Dios al crearnos nos dio el poder de elegir o el libre albedrío, sin embargo, ese privilegio que nos ha dado, no implica que al escoger mal no tengamos malas consecuencias, porque como lo afirma el apóstol, es una ley natural, que no se puede romper. Pero sí tiene una gran ventaja, y es que si no nos gusta la cosecha, debemos entonces cambiar lo que sembramos.
Si no nos ha ido bien con el fruto, entonces debemos cambiar la semilla, para que al final obtengamos resultados más satisfactorios, porque en este sentido todo dependerá de nosotros, no de Dios, ni de nadie. Alguien decía que somos arquitectos de nuestro propio destino y para ello debemos saber elegir sobre qué cimientos establecer nuestro proyecto de vida y por qué fuentes nos estamos dejando dirigir.
Los Resultados del Libre Albedrío
El libre albedrío es un don de Dios y hay que saber usarlo de manera sensata porque aunque nos ha dado la capacidad de elegir como un gran privilegio, El también dijo: «Mira, yo he puesto delante de ti hoy la vida y el bien, la muerte y el mal; porque yo te mando hoy que ames a Jehová tu Dios, que andes en sus caminos, y guardes sus mandamientos, sus estatutos y sus decretos, para que vivas y seas multiplicado, y Jehová tu Dios te bendiga», Deuterononmio 30:15-16.

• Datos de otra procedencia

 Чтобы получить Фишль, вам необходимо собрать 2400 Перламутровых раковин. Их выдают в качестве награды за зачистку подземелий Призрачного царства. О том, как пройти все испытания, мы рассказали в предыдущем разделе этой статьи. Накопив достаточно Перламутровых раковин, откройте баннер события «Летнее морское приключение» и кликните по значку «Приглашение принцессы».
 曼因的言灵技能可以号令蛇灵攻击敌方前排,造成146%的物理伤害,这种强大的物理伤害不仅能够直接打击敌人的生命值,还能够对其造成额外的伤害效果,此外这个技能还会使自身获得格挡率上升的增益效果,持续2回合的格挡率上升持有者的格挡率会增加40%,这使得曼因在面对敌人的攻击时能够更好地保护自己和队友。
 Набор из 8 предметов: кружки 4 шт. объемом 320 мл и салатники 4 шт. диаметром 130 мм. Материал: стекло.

Porque Dios es el Creador y sus criaturas le debemos respeto y obediencia, además de que un día no muy lejano, tendremos que rendirle cuentas de cada uno de nuestros actos. Pero recordemos que Dios no quiere que nadie se pierda sino que todos procedan al arrepentimiento (2 Pedro 3:9), así que su bondad y su misericordia son tan grandes que aunque hayamos pecado gravemente con anterioridad, Él nos da la opción de arrepentirnos y dejar de pecar si nos acercamos a Él y le confesamos genuinamente nuestras faltas.

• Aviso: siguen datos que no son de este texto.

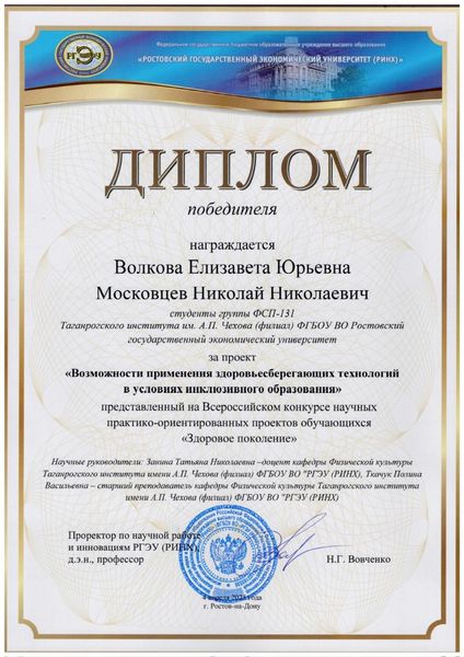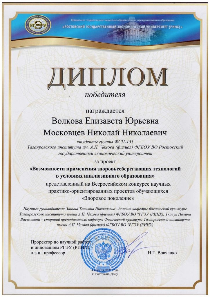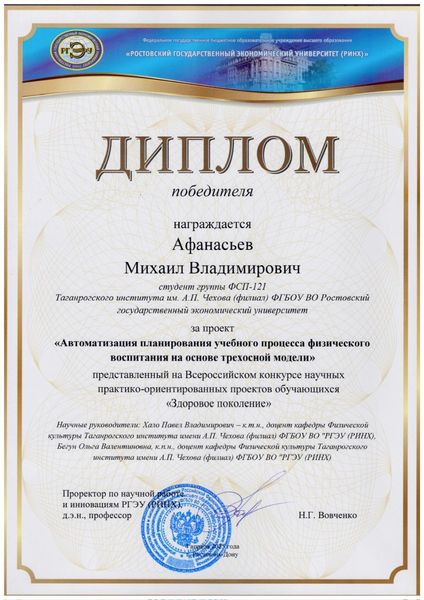 Новости все 22 апреля, 2025 Студенты факультета физики, математики, информатики профилей «Физическая культура» и «Дополнительное образование (спортивная подготовка)» стали победителями Всероссийского конкурса научных практико-ориентированных проектов обучающихся «Здоровое поколение», проводимых РГЭУ (РИНХ)18 апреля стали известны результаты финального этапа Всероссийского конкурса научных практико-ориентированных проектов обучающихся «Здоровое поколение», который проходил в смешанном формате 4 апреля 2025 года. Цель мероприятия, проводимого кафедрой физического воспитания, спорта и туризма факультета компьютерных технологий и информационной безопасности РГЭУ (РИНХ) – определение потенциала проектных технологий в области физической культуры и здоровьесбережения. Обобщение и обмен инновационным опытом проводился по трем направлениям: 1. Проекты и идеи, направленные на укрепление здоровья студенческой молодежи. 2. Проекты и идеи, направленные на применение IT технологий в сфере здоровьесбережения. 3. Проекты и идеи, направленные на развитие принципов инклюзии и их осуществления в здоровьесбережении. На конкурс было представлено 157 научно-исследовательских проектов, выполненных под научным руководством ППС ведущих вузов России. Все работы на отборочном этапе прошли экспертную оценку. К участию в финальном этапе экспертной комиссией было допущено 10 проектов. Студентами Таганрогского института имени А. П. Чехова (филиала) РГЭУ (РИНХ) профилей «Физическая культура» и «Дополнительное образование (спортивная подготовка)» было подано два проекта, которые завоевали право быть представленными в финале. Это были проекты студентов Волковой Елизаветы Юрьевны (ФФМИ, ФСП-131) и Московцева Николая Николаевича (ФФМИ, ФСП-131). Тема проекта «Возможности применения здоровьесберегающих технологий в условиях инклюзивного образования». Научные руководители – доцент кафедры физической культуры Занина Татьяна Николаевна и старший преподаватель кафедры физической культуры Ткачук Полина Васильевна. Также был представлен проект Афанасьева Михаила Владимировича (ФФМИ, ФСП-121). Тема проекта «Автоматизация планирования учебного процесса физического воспитания на основе трехосной модели». Научные руководители – доценты кафедры физической культуры Хало Павел Владимирович и Бегун Ольга Валентиновна. Студенты достойно представили свои проекты, что позволило им победить в своих направлениях.

Para eso fue que vino Jesús, para darnos, a través de su sacrificio, la oportunidad de ser perdonados y alcanzar la vida eterna. Pero la paciencia de Dios tiene también un límite, y aunque nos ama profundamente, no le pesará la mano para castigarnos si persistimos en seguir pecando, así como tuvo que castigar fuertemente a los judíos, su pueblo amado. La Biblia dice que «Jehová es tardo para la ira y grande en poder y misericordia, pero no tendrá por inocente al culpable», Nahum 1:3.

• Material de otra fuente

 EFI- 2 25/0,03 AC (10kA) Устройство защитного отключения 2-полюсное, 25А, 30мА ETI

Hoy, su pueblo amado somos nosotros y tampoco le pesará la mano para castigarnos si persistimos en seguir pecando, así que seamos pues sensatos al tomar nuestras decisiones, para que los resultados de nuestro libre albedrío sean de paz y bendición, honrando siempre a Dios con nuestros actos y obtener siempre su favor.
Nuestra oración diaria debería ser esta: «Señor enséñame a hacer tu Voluntad, porque tú eres mi Dios; tu buen espíritu me guíe a tierra de rectitud».